In my very young years world events seemed not to touch my fears. Hey, I was immortal then, life as alluring as a rainbow.  I believed in a God who blessed our land’s being and becoming. Evil was a Nazi Swastika or a Rising Sun flag and my toy soldiers did not bleed. Our playgrounds were ever-safe streets and alleys and city lots – stadiums for our budding talents and dreams. Worry belonged to older folks, to parents and uncles in uniform.

Back then I played at life, trusting teachers, priests and our President like guardian angels. Back then.

But now, in wiser years worry and my self walk hand-in-hand; that rainbow is not in sight. Evil permeates the world, is angry, masked and anonymous and insane. Innocents bleed and die in schools, cinemas, places of worship, malls, on mutilated streets, most far, far away but others much too close to home.

I worry not so much for myself but for my children and grandchildren and the inheritors of a world too soon, always, to be left behind. I do not like dark places or dark dreams. After storms I look for rainbows in the midst of scuttling clouds and, if not finding them, in the reach of promising light.

The political and cultural and even moral storms pounding our country leave no room for rainbows at the moment. Even for those who believe that the light is there, somewhere, that our nation is still young and growing into its Founding Fathers’ vision, today’s chaos is unsettling, if not unnerving. The cherished values of our nation are at risk; they seem lost or at least ignored in the actions of those in its highest places. Their self-serving attitudes feel more like “Me First” than “America First.” The latter fits fine when it comes to leadership among nations but it shatters the American dream when bullying the world with myopic hubris.
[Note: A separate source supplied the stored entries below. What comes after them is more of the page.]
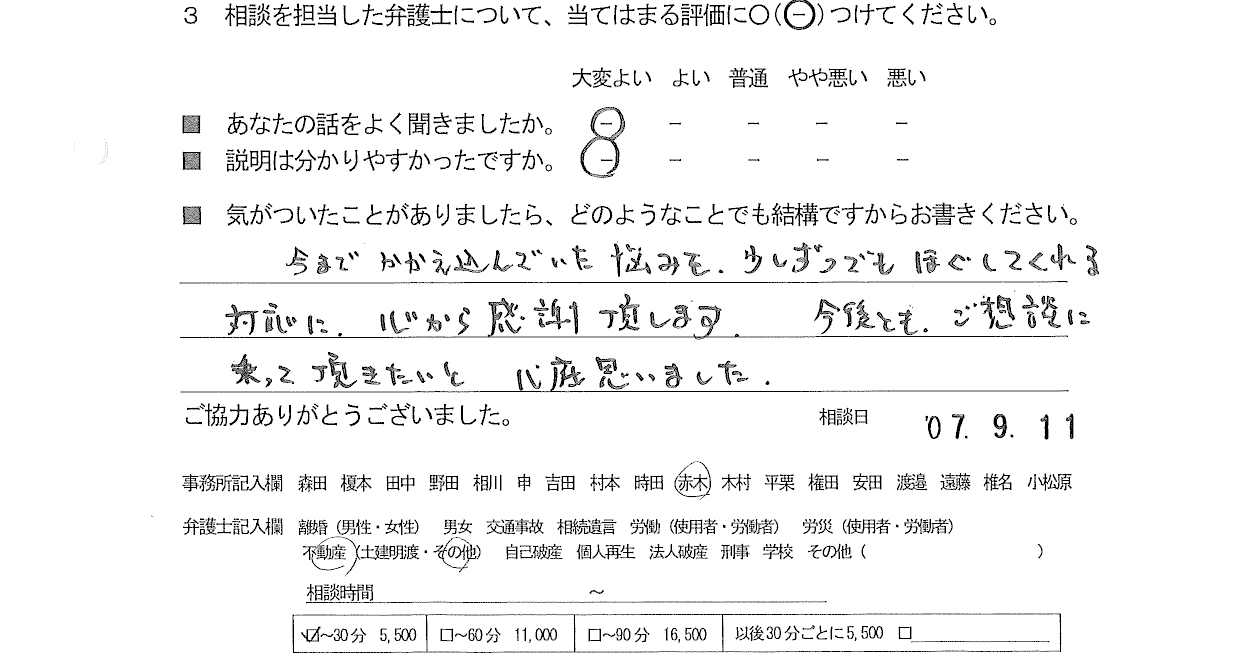 今までかかえ込んでいた悩みを、少しずつでもほぐしてくれる対応に、心から感謝致します。 今後とも、ご相談に乗って頂きたいと心底思いました。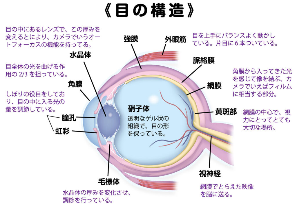 水晶体の厚みを変化させ、調節を行っています。 ※近視の進行や視力回復に深く関わる筋肉です。 |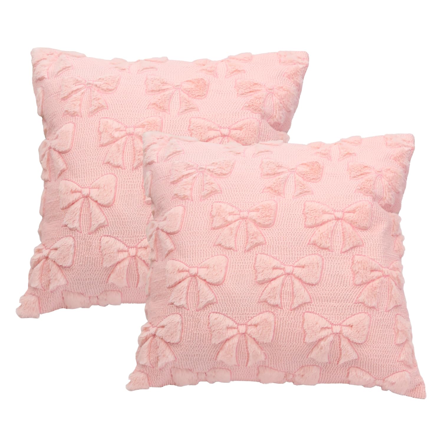 Details: Features Notice: The plush faux fur textured bow throw pillow cover is easy to maintain. Low temperature drying and avoiding the use of bleach or iron is recommended. This ensures your cushion cover 's stay. Whether you want to decorate your bedroom, living room, office, or dorm room, these multi-purpose pillowcases offer the ideal blend of functionality, style, and ease of care. Start creating your own style while simplifying your life.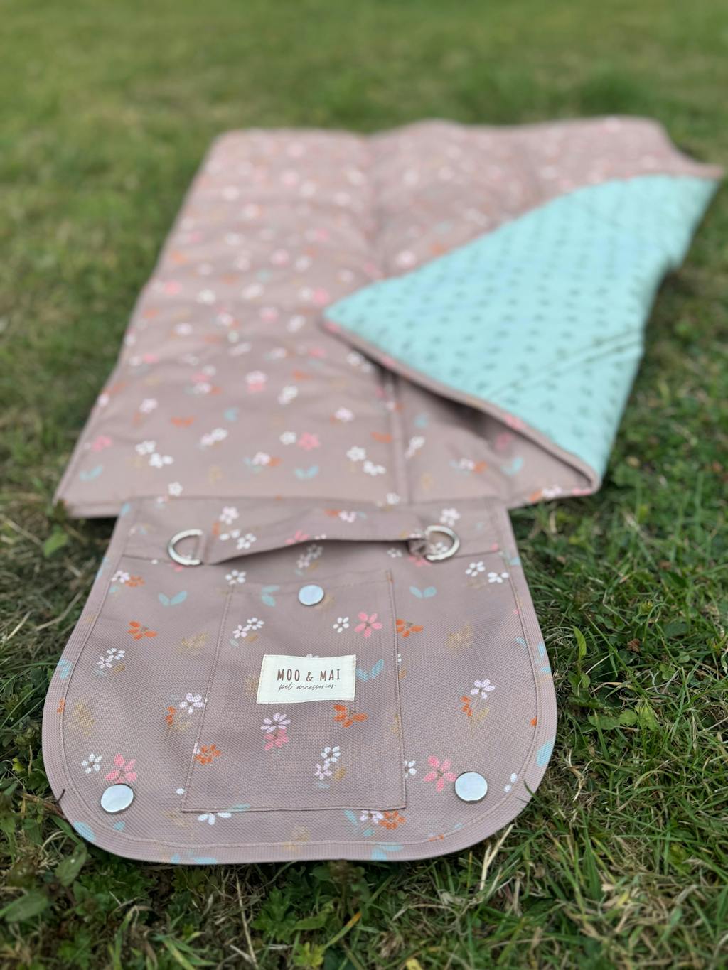 A perfect autumnal addition to your training or adventures, this mat is covered with a warm mocha background and beautiful floral details, paired with a vibrant blue backing, it also has some amazing features so whether you’re doing some settle training at your local cafe or park or maybe off for a pub lunch or heading off for a night away and need some comfort our brand new mats ensure comfort and practicality for every adventure!

There is much to fear these dark days. Franklin Delano Roosevelt said, “We have nothing to fear but fear itself.” Today he probably would have added, “…and those who use fear for political and personal gain.” There has to be a better way than flexing muscles and strutting and, let me say it, huckstering a “greatness” that should be humble and intelligent rather than bloated and bellicose.

Our Constitution remains the light behind the storms we are facing, telling every American that we can do and be better pursuing the vision that continues to shape our country and, humbly, the world. The rainbow is there because of that light and it is there that I, for one, rest my fear.